The asymptotic formula (by Rademacher?) for the coefficient of $q^n$ of $(1)$ is given by,

$$a(n) \approx \frac{e^{4\pi\sqrt{n}}}{\sqrt{2}\,n^{3/4}}\tag{for 1}$$

For example, let $a(n)$ be the coefficient, and $a'(n)$ given by the formula, then,

$$\begin{array}{cccc} n&100&200&300\\ a(n)&8.38\,\text{x}\,10^{52}&2.011\,\text{x}\,10^{75}&3.293\,\text{x}\,10^{92}\\ a'(n)&8.40\,\text{x}\,10^{52}&2.016\,\text{x}\,10^{75}&3.299\,\text{x}\,10^{92}\\ \end{array}$$

Question: What are the analogous coefficient formulas for $(2), (3), (4), (5)$?

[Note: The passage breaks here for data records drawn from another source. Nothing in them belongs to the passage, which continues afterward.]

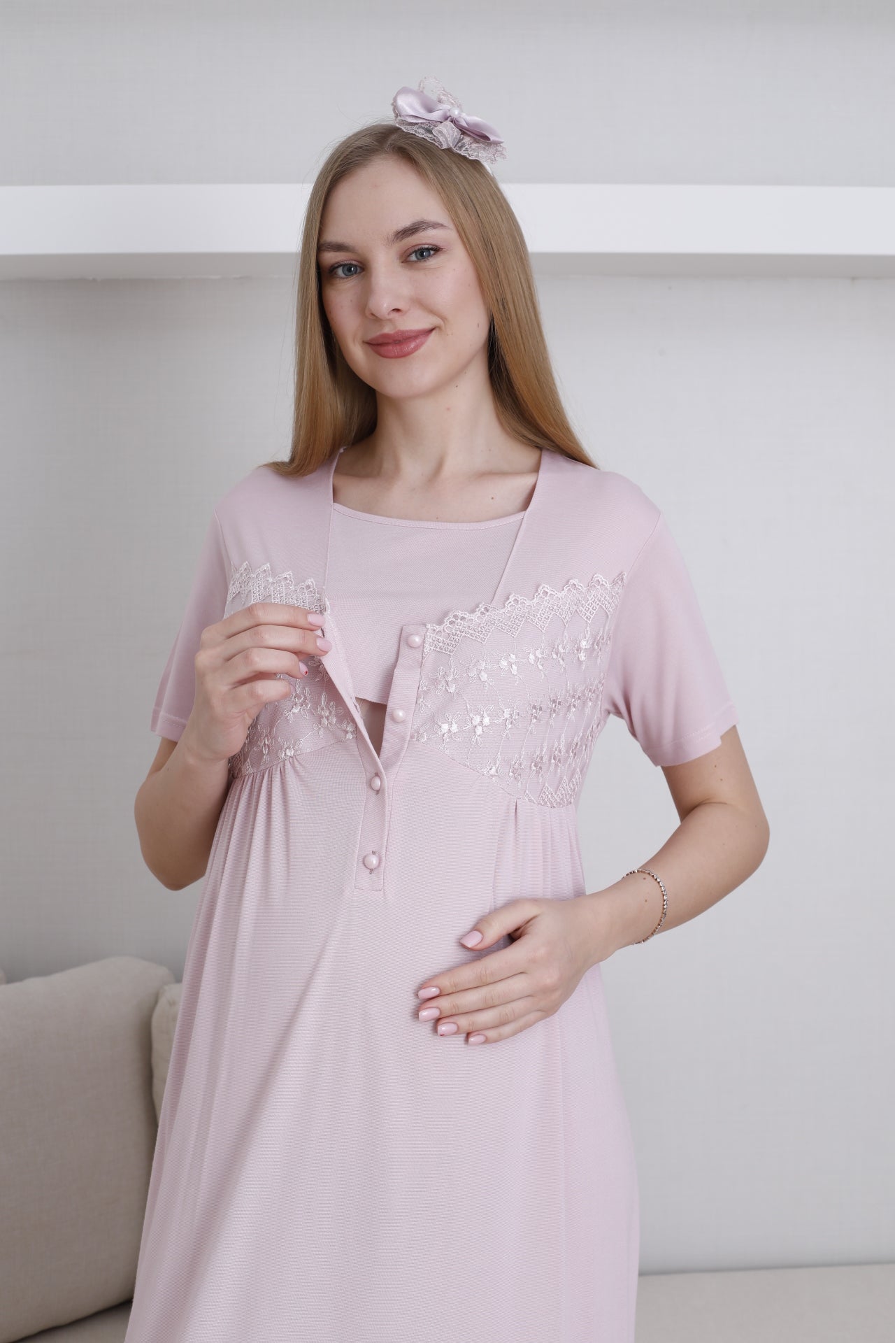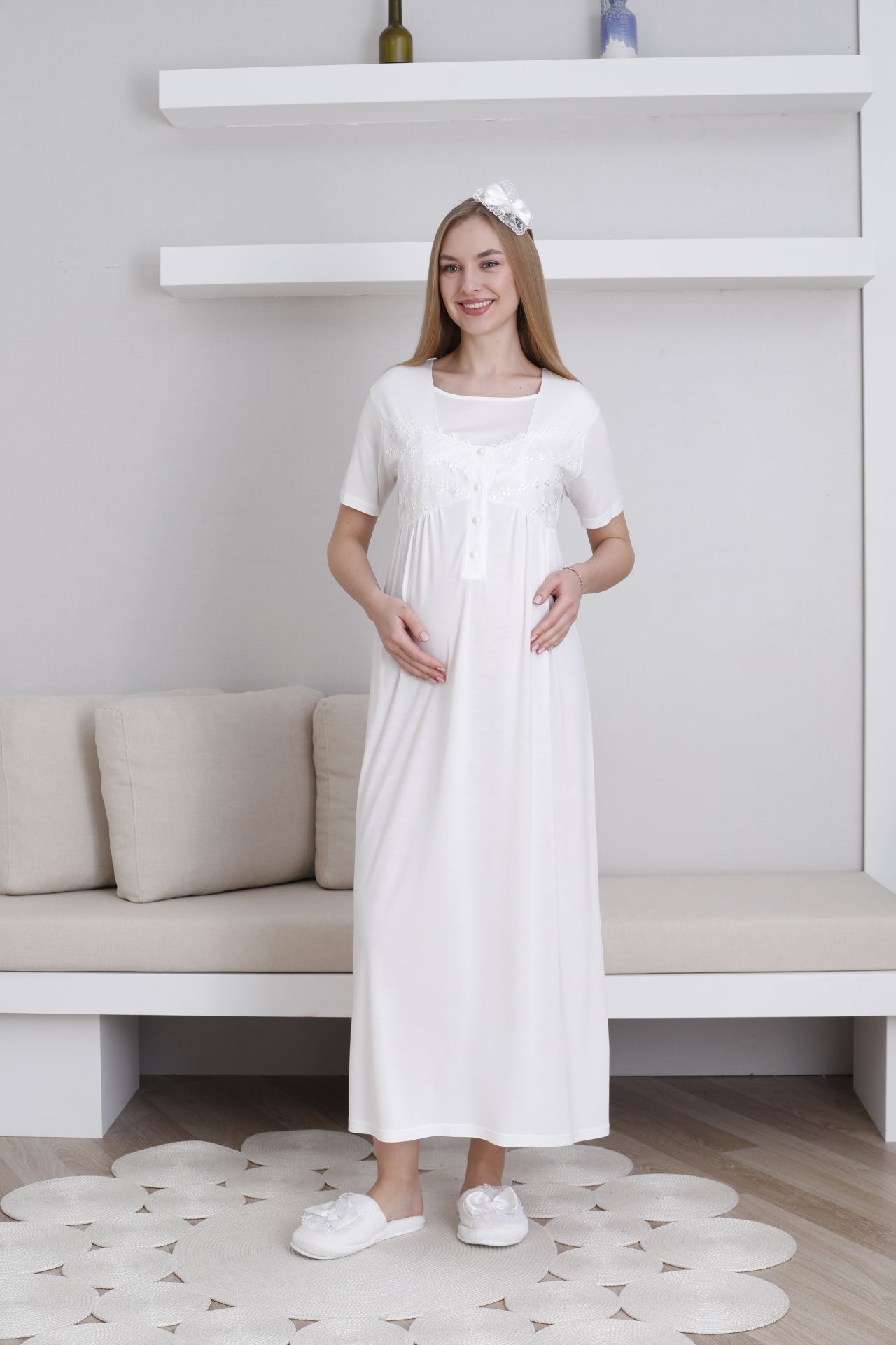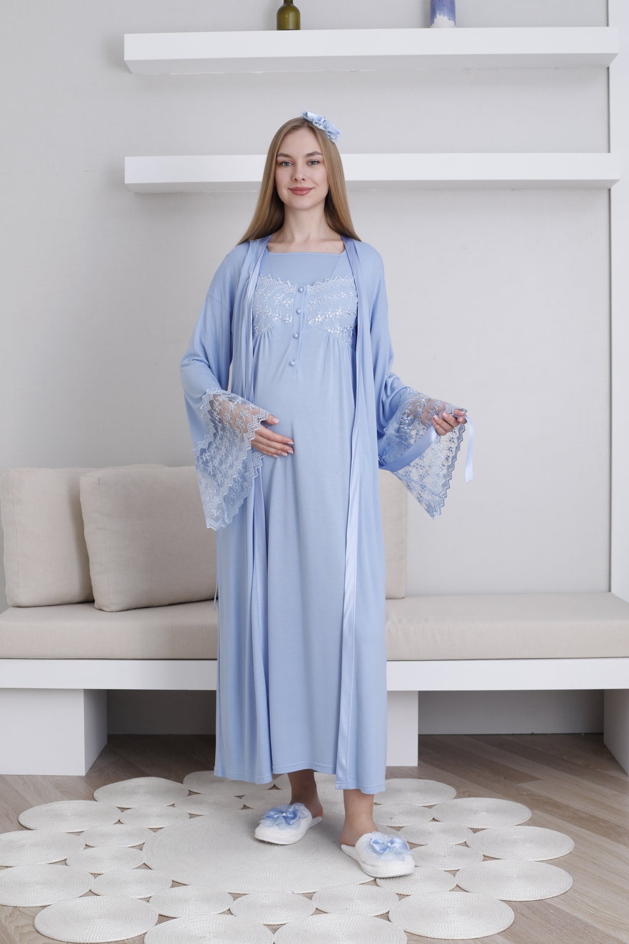Dantelli Kol Sabahlıklı Lohusa Gecelik Takımı - 2295
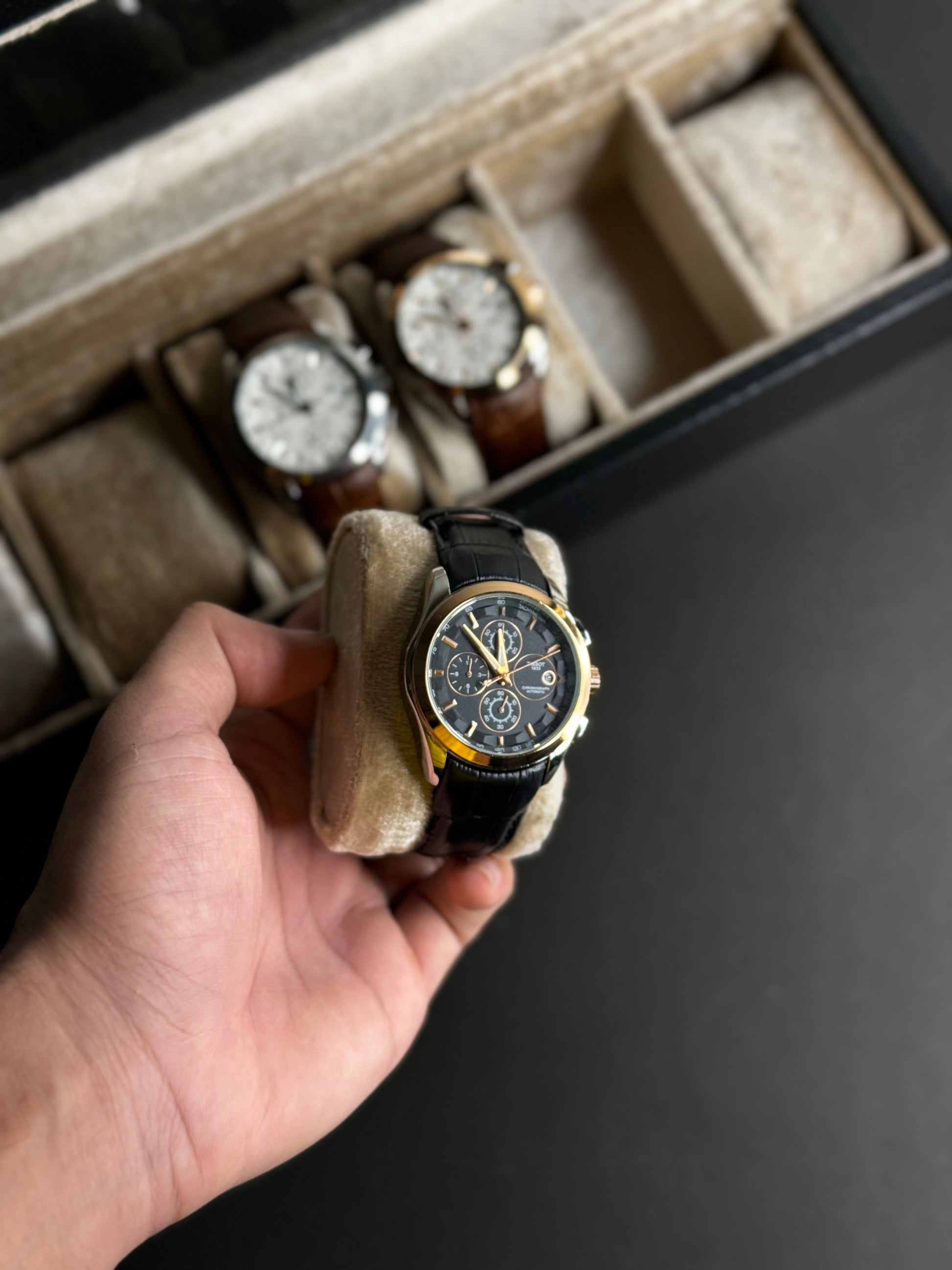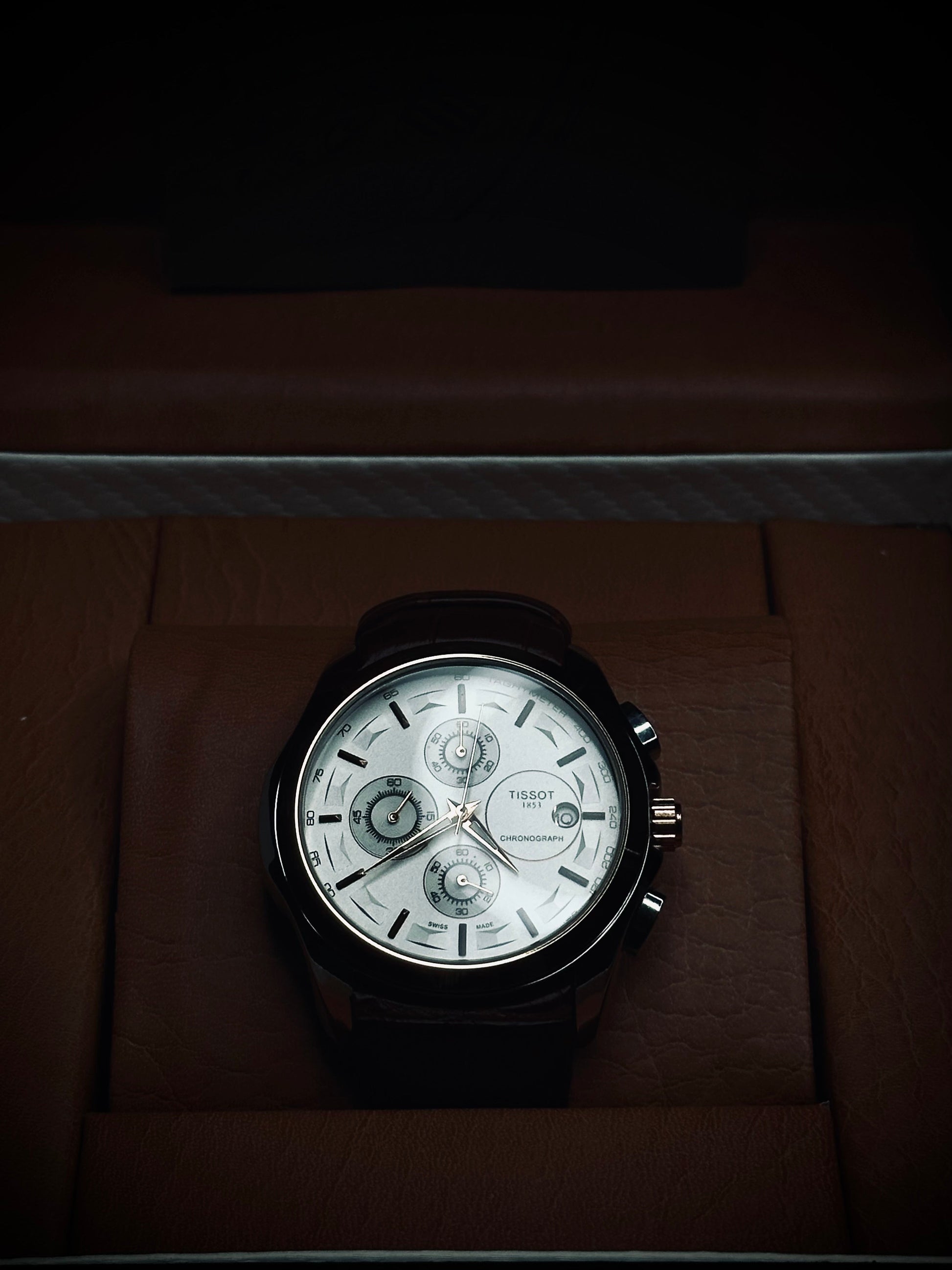 Introducing the Tissot Chronograph Watch, an epitome of elegance and precision. This exquisite timepiece features premium genuine leather straps that provide unmatched comfort and durability. All chronographs are fully functional, including a highly accurate stopwatch, ensuring you are always on time. The watch is secured with a stylish, premium lock adorned with the iconic Tissot badging, showcasing its authenticity and sophistication. Perfect for those who appreciate luxury and performance, this Tissot watch is a must-have accessory for any discerning individual.
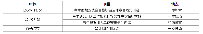 應聘人員需在上述時間內攜帶應聘材料至雙選會會場參加公開招聘,未到場者視為自動放棄招聘資格,具體安排如下:
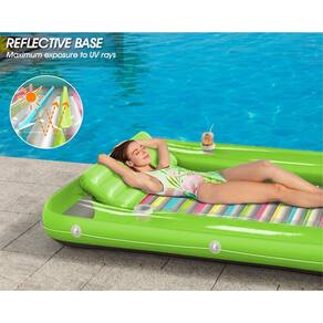 - Almofada confortável e base de almofada de ar - A piscina de bronzeamento inflável é uma almofada removível integrada e uma base de almofada de ar com nervuras. Almofada para maior apoio ao pescoço. Base de almofada de ar para maior conforto. Projetado para a melhor experiência de descanso, relaxamento, banho de sol e muito mais.
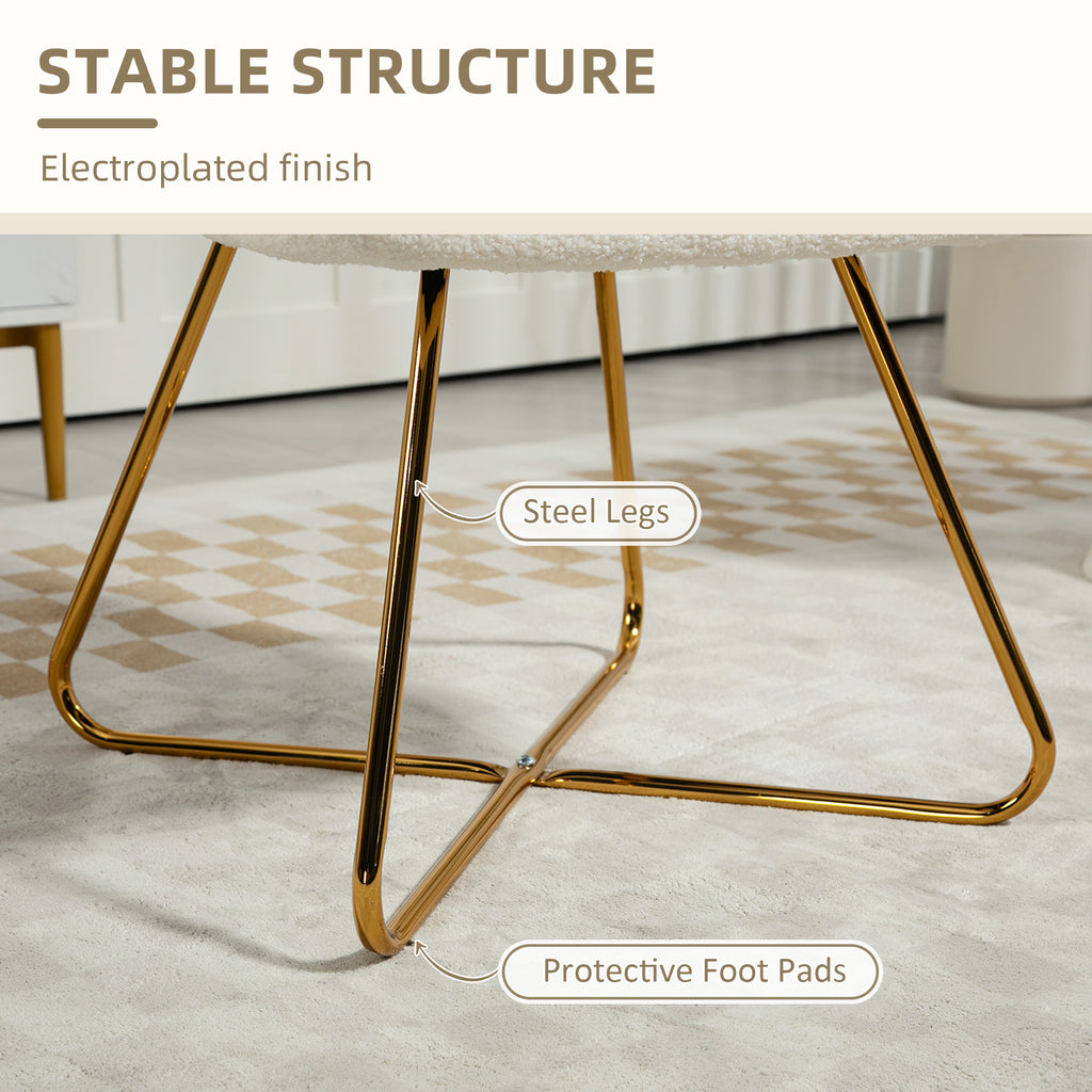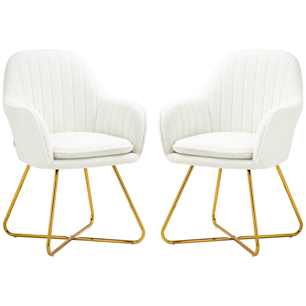 Double the plush comfort with this dining chair set. Sponge seats for comfort, wrapped in sherpa fleece upholstery for a soft finish. Each works perfectly as a reading chair, vanity chair or lounge chair - they are versatile! Complete with a metal base for strong support.
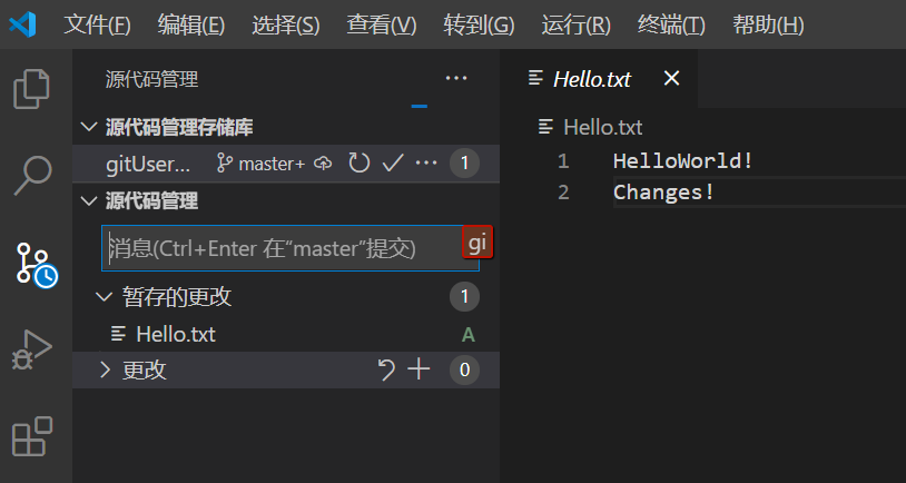 打开源代码管理使用Ctrl + Enter或者使用git commit -m命令就可以将暂存区的更改提交到本地版本库中,形成一次提交记录。
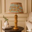 Make lighting fun with our brown and blue ikat lampshade. This cheerful, straight empire shade is bursting with energy, thanks to an attractive diamond print. Adding to its vibrancy are the happy hues of brown and blue. Made from cotton, the fabric is carefully gathered by hand to get a soft, crinkled texture. And the lining of silk on its inner side ensures a soothing glow when you flip the switch.

$\color{blue}{\text{Edit}}$: After perusing the OEIS, it seems that the fourth has,

$$d(n) \approx \frac{e^{2\pi\sqrt{n}}}{2\,n^{3/4}}\tag{for 4}$$

$$\begin{array}{cccc} n&100&200&300\\ d(n)&3.04\,\text{x}\,10^{25}&3.64\,\text{x}\,10^{36}&1.26\,\text{x}\,10^{45}\\ d'(n)&3.06\,\text{x}\,10^{25}&3.66\,\text{x}\,10^{36}&1.27\,\text{x}\,10^{45}\\ \end{array}$$

though I have no proof that this is its correct asymptotic formula.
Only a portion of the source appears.